Les maliens vivent dans la peur et sont constamment victimes de petites raquettes à tout bout de champs. Ces deux corps, en contact direct avec le peuple, sont mal en point, mal équipés, mal rémunérés avec un personnel réduit. Leurs restructurations s’avèrent indispensables. La sécurité routière, ferroviaire, maritime reste un champ de désespoir. Les voies sont délabrées et inutilisées voire impraticables. Les routes goudronnées à coup de milliards ne tiennent qu’à peine un an. Cela est dû aux appels d’offres de complaisance et avec un manque technique de suivis des travaux. Même, si le professionnalisme est au rendez-vous, il est souvent enveloppé dans la corruption. Le désenclavement du Mali est une nécessité absolue. Concernant les services douaniers, Ils sont gangrenés par la fraude massive et généralement en complicités avec les plus grands exportateurs et importateurs du pays. Ce qui joue considérablement sur les recettes. L’incivisme fiscal torpille le pays avec une et évasion fiscale. Quant à la société civile, elle est inexistante, du moins partisane, pas dynamique et mal structurée. La plus part des syndicats se limitent à des revendications salariales, sans pour autant songer à la formation de ses membres à des valeurs, à l’éthique, à la morale et à la déontologie professionnelle.

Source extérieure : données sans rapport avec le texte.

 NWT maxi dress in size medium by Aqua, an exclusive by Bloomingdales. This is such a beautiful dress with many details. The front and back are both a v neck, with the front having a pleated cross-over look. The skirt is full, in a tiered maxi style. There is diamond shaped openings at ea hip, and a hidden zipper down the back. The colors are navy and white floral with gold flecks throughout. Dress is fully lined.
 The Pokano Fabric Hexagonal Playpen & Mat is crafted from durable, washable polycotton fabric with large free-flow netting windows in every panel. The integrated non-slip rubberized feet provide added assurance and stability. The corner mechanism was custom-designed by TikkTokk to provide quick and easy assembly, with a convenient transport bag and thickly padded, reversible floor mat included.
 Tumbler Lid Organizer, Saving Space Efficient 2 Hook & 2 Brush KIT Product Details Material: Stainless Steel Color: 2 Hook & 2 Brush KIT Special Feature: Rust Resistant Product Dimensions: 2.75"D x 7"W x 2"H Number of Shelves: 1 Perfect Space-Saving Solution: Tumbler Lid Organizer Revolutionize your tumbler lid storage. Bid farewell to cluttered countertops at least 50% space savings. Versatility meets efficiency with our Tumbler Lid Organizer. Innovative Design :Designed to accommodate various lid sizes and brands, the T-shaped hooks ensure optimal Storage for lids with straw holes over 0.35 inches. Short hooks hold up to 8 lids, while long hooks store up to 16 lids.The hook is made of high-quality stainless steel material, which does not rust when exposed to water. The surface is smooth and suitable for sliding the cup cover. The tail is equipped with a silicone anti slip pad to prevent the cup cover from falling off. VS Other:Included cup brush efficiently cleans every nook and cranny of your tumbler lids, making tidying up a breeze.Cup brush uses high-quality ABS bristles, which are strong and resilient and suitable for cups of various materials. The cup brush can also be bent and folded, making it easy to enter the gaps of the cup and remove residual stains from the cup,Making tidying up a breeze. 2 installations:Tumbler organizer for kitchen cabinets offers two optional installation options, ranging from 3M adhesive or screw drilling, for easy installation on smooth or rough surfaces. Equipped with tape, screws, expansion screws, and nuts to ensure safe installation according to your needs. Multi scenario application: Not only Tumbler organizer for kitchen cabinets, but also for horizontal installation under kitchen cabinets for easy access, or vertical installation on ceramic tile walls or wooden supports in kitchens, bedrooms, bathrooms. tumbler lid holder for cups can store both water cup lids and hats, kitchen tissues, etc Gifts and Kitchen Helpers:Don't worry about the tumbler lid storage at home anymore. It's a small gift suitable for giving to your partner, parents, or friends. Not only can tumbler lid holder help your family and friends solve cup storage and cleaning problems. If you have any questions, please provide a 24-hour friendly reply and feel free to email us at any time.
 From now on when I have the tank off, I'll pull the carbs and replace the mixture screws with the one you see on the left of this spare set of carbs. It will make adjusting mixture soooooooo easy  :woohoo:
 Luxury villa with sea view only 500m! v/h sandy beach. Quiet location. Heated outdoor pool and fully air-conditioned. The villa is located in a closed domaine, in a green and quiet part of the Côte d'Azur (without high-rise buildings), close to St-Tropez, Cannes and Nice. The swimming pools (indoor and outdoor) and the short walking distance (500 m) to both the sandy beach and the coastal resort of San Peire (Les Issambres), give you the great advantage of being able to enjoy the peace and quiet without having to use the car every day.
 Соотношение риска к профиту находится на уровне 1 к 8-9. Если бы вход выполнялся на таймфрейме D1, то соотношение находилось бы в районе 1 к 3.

Enfin, l’autosuffisance alimentaire reste un secteur mal exploité au Mali. Avec ses 100000 ha de terres irriguées, l’Office du Niger compte aujourd’hui parmi les plus grands aménagements hydro-agricoles du continent africain. Il devrait  contribuer fortement à la sécurité alimentaire du Mali. Mais la production annuelle du Mali est d’environ 500 000 tonnes de riz. C’est un secteur, dans lequel  la corruption et le népotisme ont élu domicile depuis des années. L’initiative riz, sous l’ancien Président Amadou Toumani Toure, fut une expérience médiocre.

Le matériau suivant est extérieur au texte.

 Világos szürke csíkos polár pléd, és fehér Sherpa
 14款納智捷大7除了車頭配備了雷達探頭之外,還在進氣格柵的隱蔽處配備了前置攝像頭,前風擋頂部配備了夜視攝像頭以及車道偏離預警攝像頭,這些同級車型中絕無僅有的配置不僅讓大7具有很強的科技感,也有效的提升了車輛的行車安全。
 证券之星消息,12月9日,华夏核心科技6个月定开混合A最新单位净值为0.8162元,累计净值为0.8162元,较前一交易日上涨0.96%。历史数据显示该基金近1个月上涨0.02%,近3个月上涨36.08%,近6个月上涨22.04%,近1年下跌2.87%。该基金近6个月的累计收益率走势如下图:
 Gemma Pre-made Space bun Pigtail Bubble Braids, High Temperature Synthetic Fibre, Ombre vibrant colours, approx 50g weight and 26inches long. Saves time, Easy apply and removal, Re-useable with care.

De l’attribution des terres, à la vente des denrées, en passant par les récoltes, tout se marchandent. Malgré, cette énorme superficie cultivable, le Mali fait partie des pays importateurs de riz de la sous-région. L’agro-Business, la culture de contre saison, la culture irriguée, et la culture maraichère, sont des domaines à explorer au Mali. Le pain est sur la planche. Rendre justice aux victimes des exactions des bandits armées ou djihadistes, Réconciliation nationale ; amnistie ; élection libre, transparente et ouverte ; et la refondation de l’administration publique, autant de chantiers qui attendent les nouvelles autorités du Mali. Seront-elles à la hauteur des missions à eux, confiées ? C’est la grande question.